--- DATA TO EXAMINE Enclosed Below ---

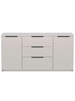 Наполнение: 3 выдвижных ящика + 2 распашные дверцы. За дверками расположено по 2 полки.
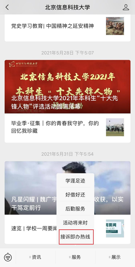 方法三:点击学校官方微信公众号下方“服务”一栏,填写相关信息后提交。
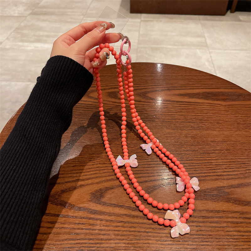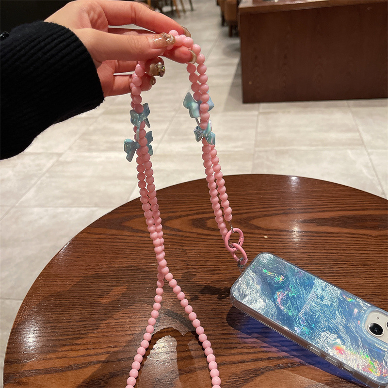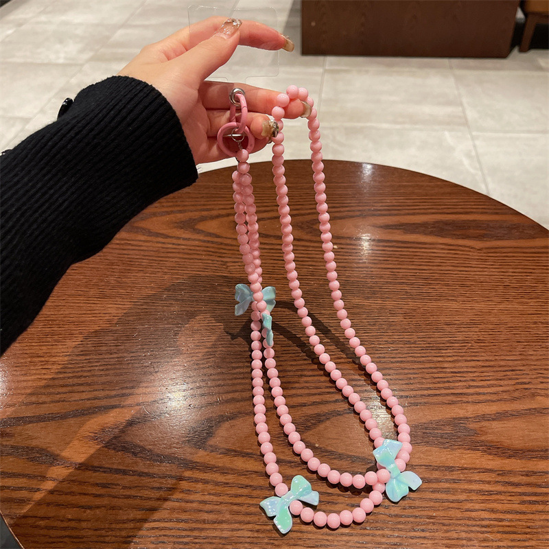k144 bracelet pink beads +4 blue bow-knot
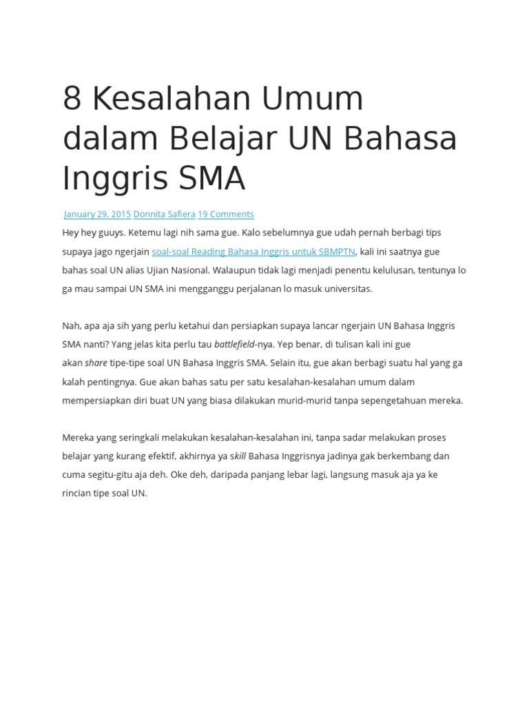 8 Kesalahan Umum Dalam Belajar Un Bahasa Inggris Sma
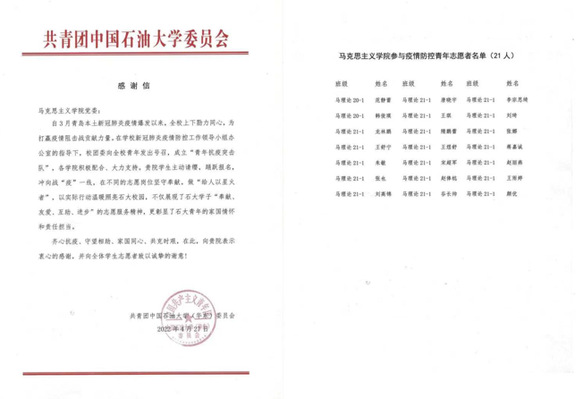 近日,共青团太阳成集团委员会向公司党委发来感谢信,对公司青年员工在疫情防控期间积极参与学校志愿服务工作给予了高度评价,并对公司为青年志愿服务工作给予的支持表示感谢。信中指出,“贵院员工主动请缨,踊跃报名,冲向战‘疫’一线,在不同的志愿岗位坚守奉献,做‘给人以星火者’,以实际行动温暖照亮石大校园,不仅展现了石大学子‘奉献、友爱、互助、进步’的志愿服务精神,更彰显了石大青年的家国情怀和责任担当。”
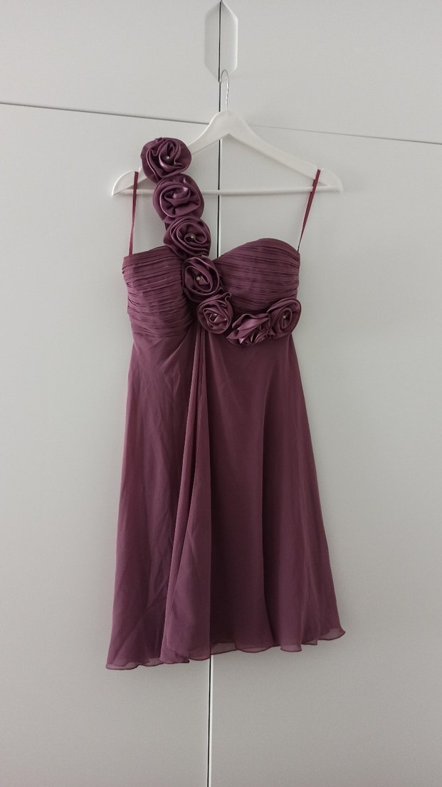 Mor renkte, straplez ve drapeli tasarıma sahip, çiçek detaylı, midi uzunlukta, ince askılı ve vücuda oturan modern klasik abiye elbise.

--- End of Enclosed DATA TO EXAMINE ---

### [GOAL OF THE EXERCISE]
Without changing a word, retype every entry above, but drop its pictures.

### [WRITTEN SOLUTION]
 Наполнение: 3 выдвижных ящика + 2 распашные дверцы. За дверками расположено по 2 полки.
 方法三:点击学校官方微信公众号下方“服务”一栏,填写相关信息后提交。
k144 bracelet pink beads +4 blue bow-knot
 8 Kesalahan Umum Dalam Belajar Un Bahasa Inggris Sma
 近日,共青团太阳成集团委员会向公司党委发来感谢信,对公司青年员工在疫情防控期间积极参与学校志愿服务工作给予了高度评价,并对公司为青年志愿服务工作给予的支持表示感谢。信中指出,“贵院员工主动请缨,踊跃报名,冲向战‘疫’一线,在不同的志愿岗位坚守奉献,做‘给人以星火者’,以实际行动温暖照亮石大校园,不仅展现了石大学子‘奉献、友爱、互助、进步’的志愿服务精神,更彰显了石大青年的家国情怀和责任担当。”
 Mor renkte, straplez ve drapeli tasarıma sahip, çiçek detaylı, midi uzunlukta, ince askılı ve vücuda oturan modern klasik abiye elbise.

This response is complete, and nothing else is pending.